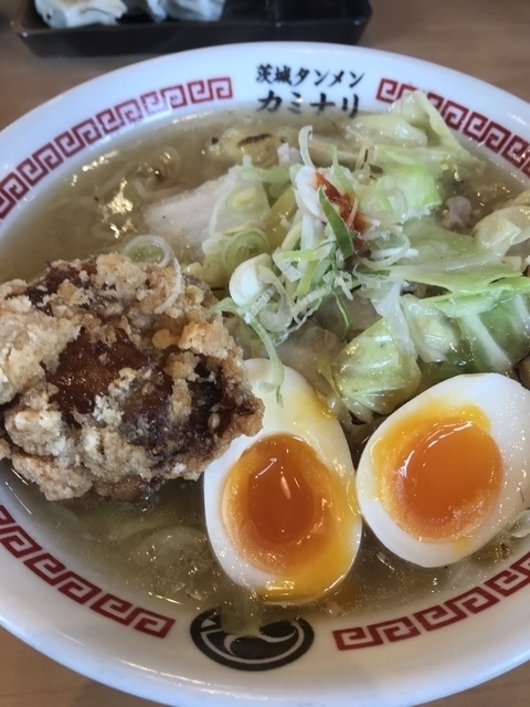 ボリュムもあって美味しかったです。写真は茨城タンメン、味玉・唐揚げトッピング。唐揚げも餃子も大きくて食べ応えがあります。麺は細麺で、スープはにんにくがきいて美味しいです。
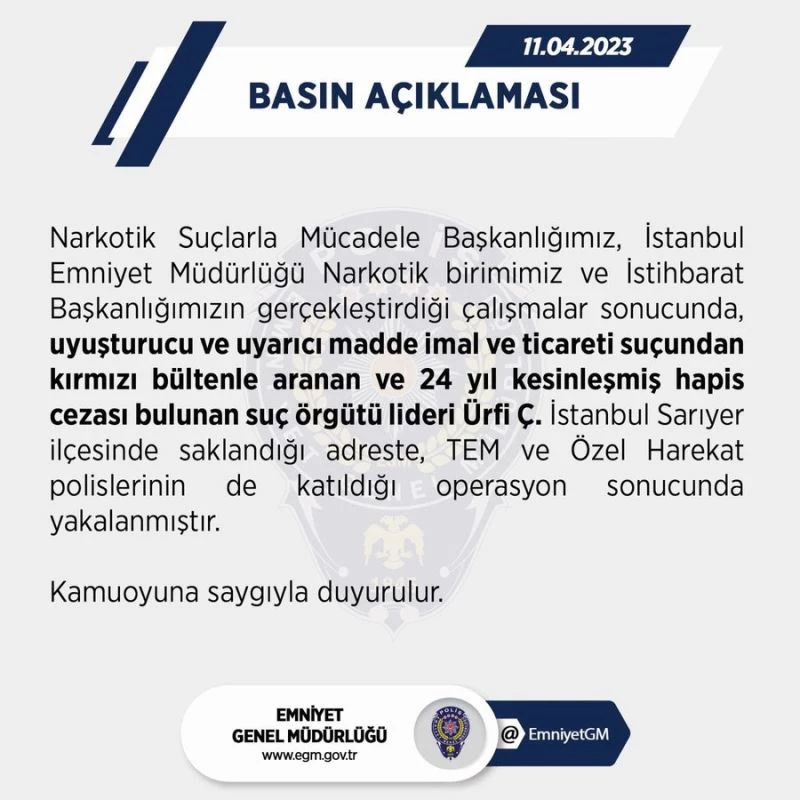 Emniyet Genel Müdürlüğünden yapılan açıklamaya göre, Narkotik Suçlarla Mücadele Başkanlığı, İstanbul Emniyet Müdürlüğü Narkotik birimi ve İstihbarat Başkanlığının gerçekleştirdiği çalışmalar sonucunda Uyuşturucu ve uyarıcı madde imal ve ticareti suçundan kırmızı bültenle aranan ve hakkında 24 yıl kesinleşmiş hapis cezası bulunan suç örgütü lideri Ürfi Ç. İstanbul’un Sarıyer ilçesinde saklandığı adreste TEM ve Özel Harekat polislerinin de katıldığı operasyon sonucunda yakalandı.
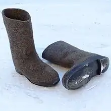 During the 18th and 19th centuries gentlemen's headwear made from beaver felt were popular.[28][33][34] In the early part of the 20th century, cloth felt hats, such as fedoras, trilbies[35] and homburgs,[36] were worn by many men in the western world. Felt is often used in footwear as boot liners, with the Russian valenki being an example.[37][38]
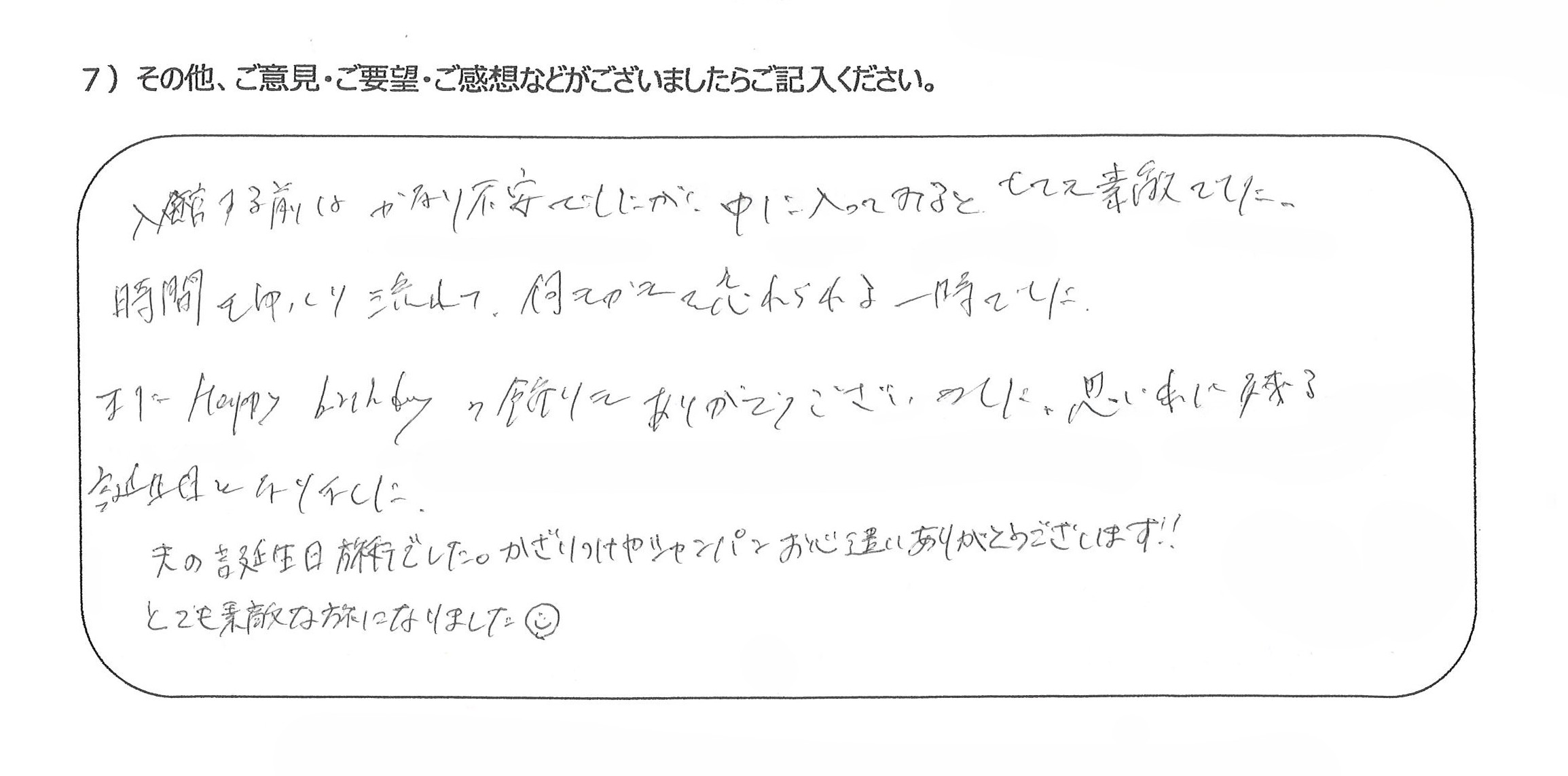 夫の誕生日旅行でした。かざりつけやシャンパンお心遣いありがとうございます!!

#####

REQUIRED WORK: Every line above must be printed again exactly, pictures excluded.

EXERCISE OUTPUT:
 ボリュムもあって美味しかったです。写真は茨城タンメン、味玉・唐揚げトッピング。唐揚げも餃子も大きくて食べ応えがあります。麺は細麺で、スープはにんにくがきいて美味しいです。
 Emniyet Genel Müdürlüğünden yapılan açıklamaya göre, Narkotik Suçlarla Mücadele Başkanlığı, İstanbul Emniyet Müdürlüğü Narkotik birimi ve İstihbarat Başkanlığının gerçekleştirdiği çalışmalar sonucunda Uyuşturucu ve uyarıcı madde imal ve ticareti suçundan kırmızı bültenle aranan ve hakkında 24 yıl kesinleşmiş hapis cezası bulunan suç örgütü lideri Ürfi Ç. İstanbul’un Sarıyer ilçesinde saklandığı adreste TEM ve Özel Harekat polislerinin de katıldığı operasyon sonucunda yakalandı.
 During the 18th and 19th centuries gentlemen's headwear made from beaver felt were popular.[28][33][34] In the early part of the 20th century, cloth felt hats, such as fedoras, trilbies[35] and homburgs,[36] were worn by many men in the western world. Felt is often used in footwear as boot liners, with the Russian valenki being an example.[37][38]
 夫の誕生日旅行でした。かざりつけやシャンパンお心遣いありがとうございます!!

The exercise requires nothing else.